* [Assignment]: Output, word for word, the lines of this listing that fall between the line with "學術成果庫的建設實現了鄂爾多" and the line with "A part tiled", counting both of those lines, and no others.

Source information section start

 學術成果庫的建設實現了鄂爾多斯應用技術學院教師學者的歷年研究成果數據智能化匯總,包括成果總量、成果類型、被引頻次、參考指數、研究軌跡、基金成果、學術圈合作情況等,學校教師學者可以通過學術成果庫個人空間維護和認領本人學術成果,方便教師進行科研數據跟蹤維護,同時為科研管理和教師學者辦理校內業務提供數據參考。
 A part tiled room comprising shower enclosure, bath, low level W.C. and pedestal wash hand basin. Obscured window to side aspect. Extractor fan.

Source information section end
Source information section start

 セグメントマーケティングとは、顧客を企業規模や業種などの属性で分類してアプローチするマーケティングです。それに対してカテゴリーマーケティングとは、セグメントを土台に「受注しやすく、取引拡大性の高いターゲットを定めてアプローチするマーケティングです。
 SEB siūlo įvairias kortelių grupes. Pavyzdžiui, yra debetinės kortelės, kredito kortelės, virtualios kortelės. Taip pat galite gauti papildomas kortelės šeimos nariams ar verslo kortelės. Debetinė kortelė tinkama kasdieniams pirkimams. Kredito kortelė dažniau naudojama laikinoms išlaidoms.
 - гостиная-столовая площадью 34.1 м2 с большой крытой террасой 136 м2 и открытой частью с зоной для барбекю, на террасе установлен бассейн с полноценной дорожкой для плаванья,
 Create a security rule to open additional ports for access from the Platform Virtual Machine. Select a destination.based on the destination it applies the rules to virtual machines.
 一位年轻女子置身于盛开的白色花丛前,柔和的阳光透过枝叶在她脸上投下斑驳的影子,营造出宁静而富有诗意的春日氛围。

Source information section end

* [Task answer]:
 學術成果庫的建設實現了鄂爾多斯應用技術學院教師學者的歷年研究成果數據智能化匯總,包括成果總量、成果類型、被引頻次、參考指數、研究軌跡、基金成果、學術圈合作情況等,學校教師學者可以通過學術成果庫個人空間維護和認領本人學術成果,方便教師進行科研數據跟蹤維護,同時為科研管理和教師學者辦理校內業務提供數據參考。
 A part tiled room comprising shower enclosure, bath, low level W.C. and pedestal wash hand basin. Obscured window to side aspect. Extractor fan.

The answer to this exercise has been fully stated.